Copyright: © 2022 Andrew L. This is an open-access article distributed under the terms of the Creative Commons Attribution License, which permits unrestricted use, distribution, and reproduction in any medium, provided the original author and source are credited.

Editorial

Niemann-Pick disease is a rare, inherited condition that impairs the body's ability to metabolise fat (cholesterol and lipids) within cells. These cells malfunction and eventually die. The brain, nerves, liver, spleen, bone marrow, and, in severe cases, the lungs can all be affected by Niemann-Pick disease. This condition causes symptoms related to the progressive loss of function of nerves, the brain, and other organs. Niemann-Pick disease can strike at any age, but it primarily affects children. The disease has no known cure and can be fatal.

Niemann-Pick disease can strike at any age, but it primarily affects children. The disease has no known cure and can be fatal. Niemann-Pick disease is caused by mutations in specific genes involved in fat metabolism (cholesterol and lipids). The mutations in the Niemann-Pick gene are passed down from parents to children in a pattern known as autosomal recessive inheritance. This means that for the child to be affected, both the mother and father must pass on the defective form of the gene [1-3].

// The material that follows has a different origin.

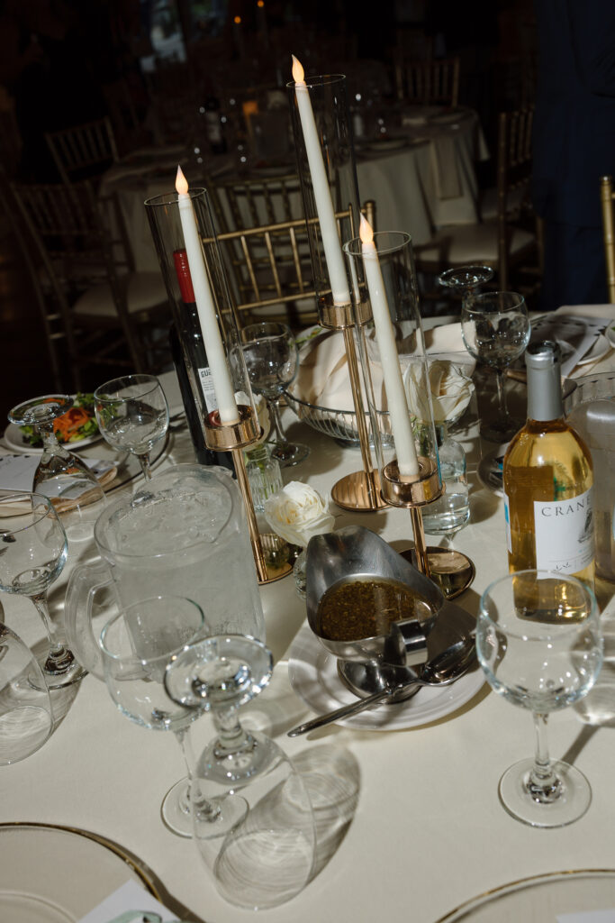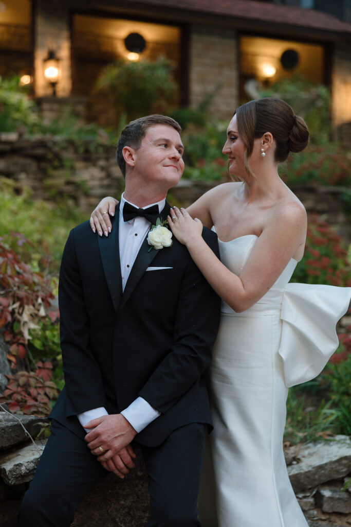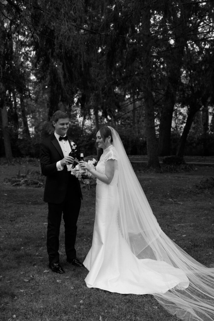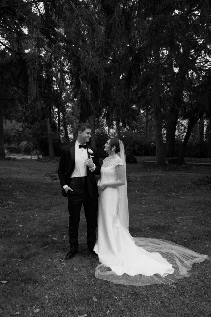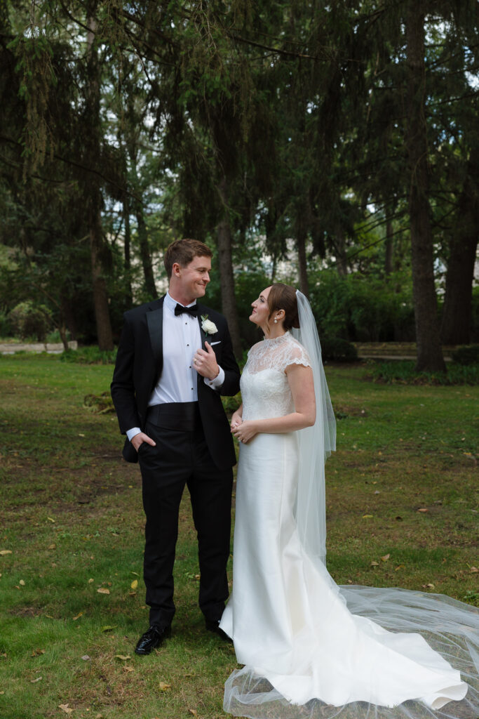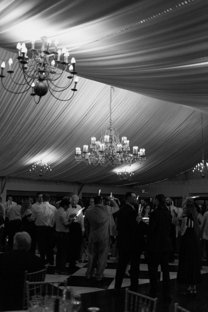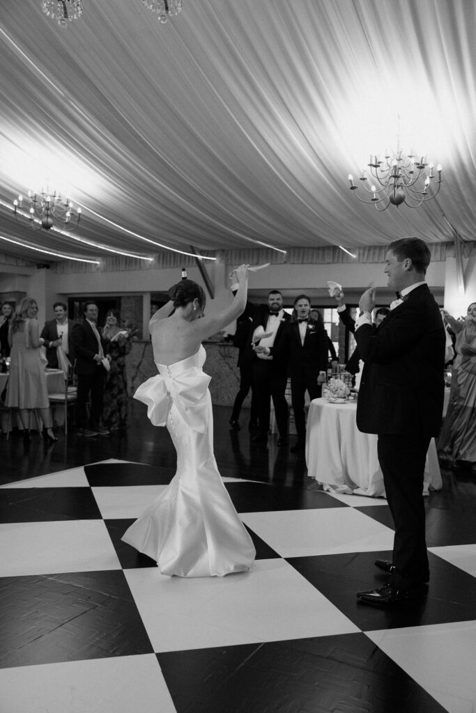 Guests enjoyed an outdoor cocktail hour on the property, savoring the peaceful gardens, string lights, and watching the perfect fall sunset. As evening approached, the reception tent came alive with glowing candlelit tables, sweeping drapery, sparkling chandeliers, and a stunning black-and-white checkerboard dance floor that made the entire room feel editorial and romantic. Every detail felt genuine, elevated, and filled with love and celebration.

Niemann-Pick disease is incurable, and there is no cure. It can happen at any age.Types A and B are caused by a sphingomyelinase enzyme that is either missing or malfunctioning. This impairs the body's ability to metabolise fat (cholesterol and lipids), resulting in fat accumulation in cells. This results in cell dysfunction and, eventually, cell death. Type A is mostly seen in infants, who have severe, progressive brain disease. Because there is no cure, most children do not survive their first few years. Type B usually manifests later in childhood and is unrelated to primary brain disease. The majority of people who are affected by type B live to adulthood. Niemann-Pick type C [4,5] is an inherited disease that is extremely rare. This type of genetic mutation causes cholesterol and other fats to accumulate in the liver, spleen, or lungs. Eventually, the brain is affected as well.

Clumsiness and difficulty walking are signs and symptoms of Niemann- Pick disease. Excessive muscle contractions (dystonia) or eye movements are also signs and symptoms of Niemann-Pick disease. Sleep disruptions, swallowing and eating difficulties, Persistent pneumonia Types A, B, and C are the three main types of Niemann-Pick. Your signs and symptoms will vary depending on the type and severity of your condition. Some type of infants will exhibit signs and symptoms within the first few months of life. Type B patients may not exhibit symptoms for years and have a better chance of surviving to adulthood. People with type C may not exhibit any symptoms until they reach adulthood. Niemann-Pick disease is caused by mutations in specific genes involved in fat metabolism (cholesterol and lipids).

The mutations in the Niemann-Pick gene are passed down from parents to children in a pattern known as autosomal recessive inheritance. This means that for the child to be affected, both the mother and father must pass on the defective form of the gene. Niemann-Pick disease is incurable, and there is no cure. It can happen at any age.